| Description of the task |
Restate every entry verbatim; drop the pictures.

• • •

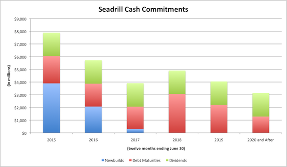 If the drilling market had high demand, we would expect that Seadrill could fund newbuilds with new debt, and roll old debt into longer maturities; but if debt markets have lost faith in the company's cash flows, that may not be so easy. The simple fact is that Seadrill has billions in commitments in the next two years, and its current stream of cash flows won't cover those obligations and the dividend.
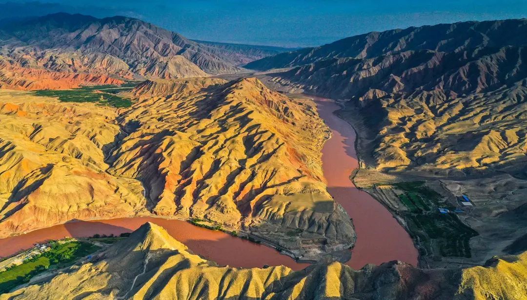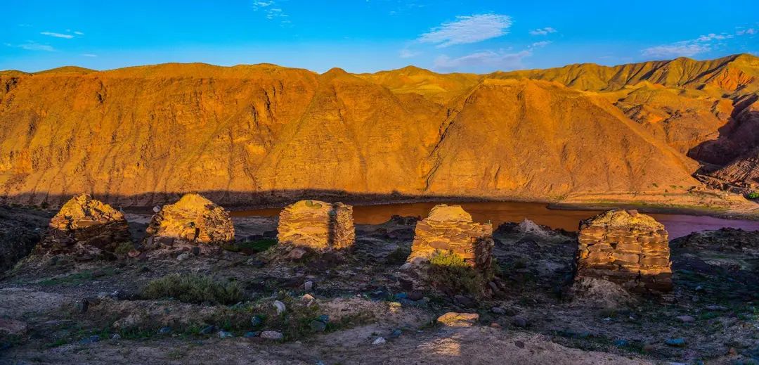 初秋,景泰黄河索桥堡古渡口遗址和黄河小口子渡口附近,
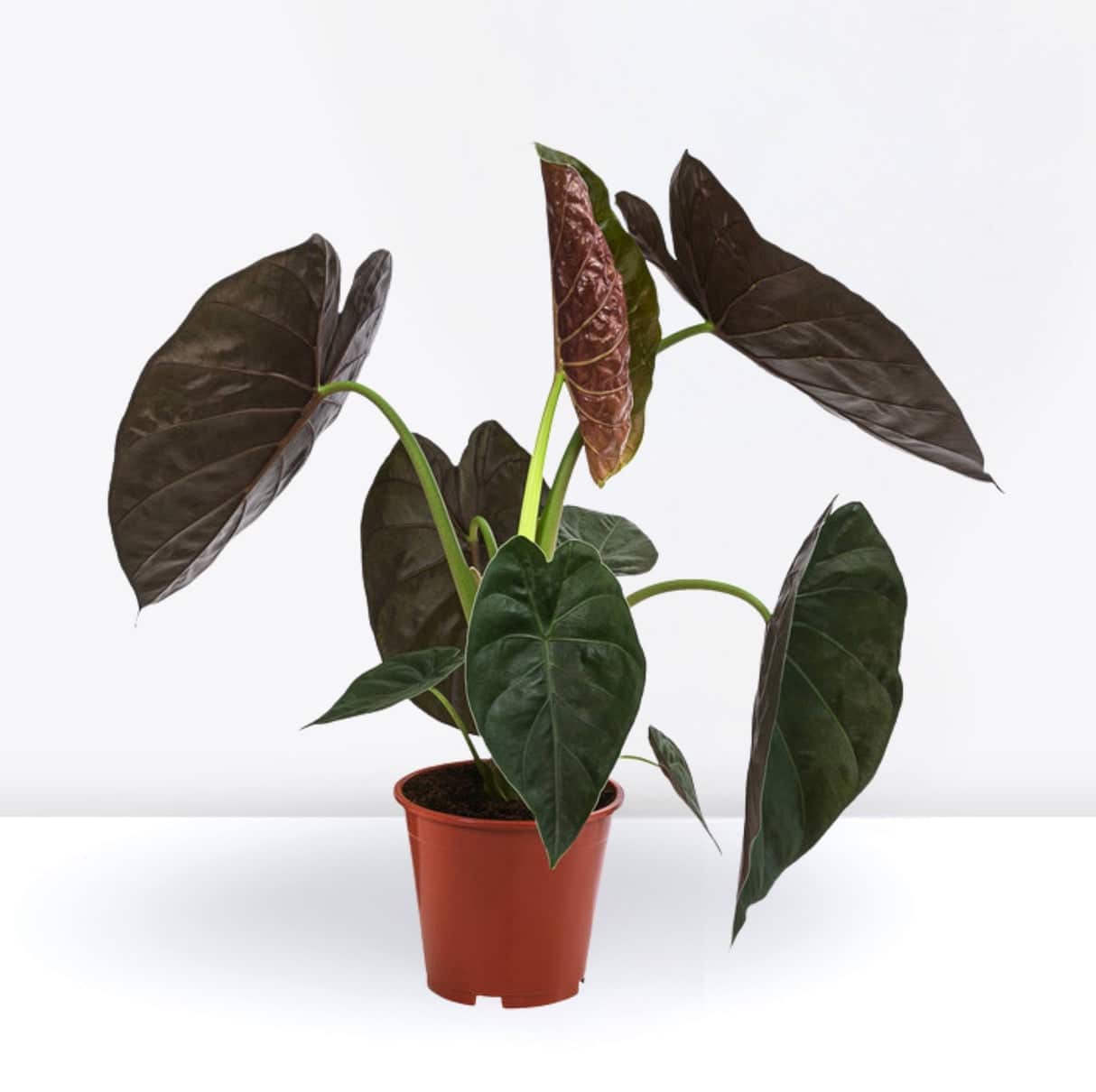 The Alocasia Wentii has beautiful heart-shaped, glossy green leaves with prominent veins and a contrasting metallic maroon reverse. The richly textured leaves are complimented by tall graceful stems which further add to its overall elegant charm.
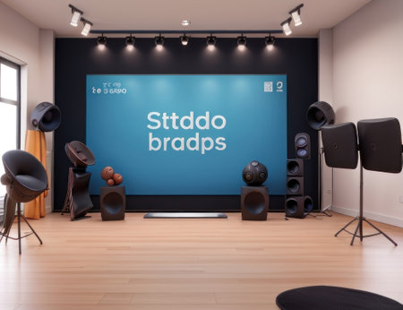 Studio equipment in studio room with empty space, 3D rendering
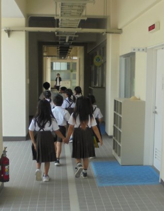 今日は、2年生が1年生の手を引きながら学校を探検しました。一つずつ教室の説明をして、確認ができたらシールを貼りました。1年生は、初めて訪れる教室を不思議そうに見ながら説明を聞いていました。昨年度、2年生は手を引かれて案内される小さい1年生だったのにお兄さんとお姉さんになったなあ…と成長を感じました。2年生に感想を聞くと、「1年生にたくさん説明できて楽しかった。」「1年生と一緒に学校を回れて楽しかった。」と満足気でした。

• • •

| Response to the task |
 If the drilling market had high demand, we would expect that Seadrill could fund newbuilds with new debt, and roll old debt into longer maturities; but if debt markets have lost faith in the company's cash flows, that may not be so easy. The simple fact is that Seadrill has billions in commitments in the next two years, and its current stream of cash flows won't cover those obligations and the dividend.
 初秋,景泰黄河索桥堡古渡口遗址和黄河小口子渡口附近,
 The Alocasia Wentii has beautiful heart-shaped, glossy green leaves with prominent veins and a contrasting metallic maroon reverse. The richly textured leaves are complimented by tall graceful stems which further add to its overall elegant charm.
 Studio equipment in studio room with empty space, 3D rendering
 今日は、2年生が1年生の手を引きながら学校を探検しました。一つずつ教室の説明をして、確認ができたらシールを貼りました。1年生は、初めて訪れる教室を不思議そうに見ながら説明を聞いていました。昨年度、2年生は手を引かれて案内される小さい1年生だったのにお兄さんとお姉さんになったなあ…と成長を感じました。2年生に感想を聞くと、「1年生にたくさん説明できて楽しかった。」「1年生と一緒に学校を回れて楽しかった。」と満足気でした。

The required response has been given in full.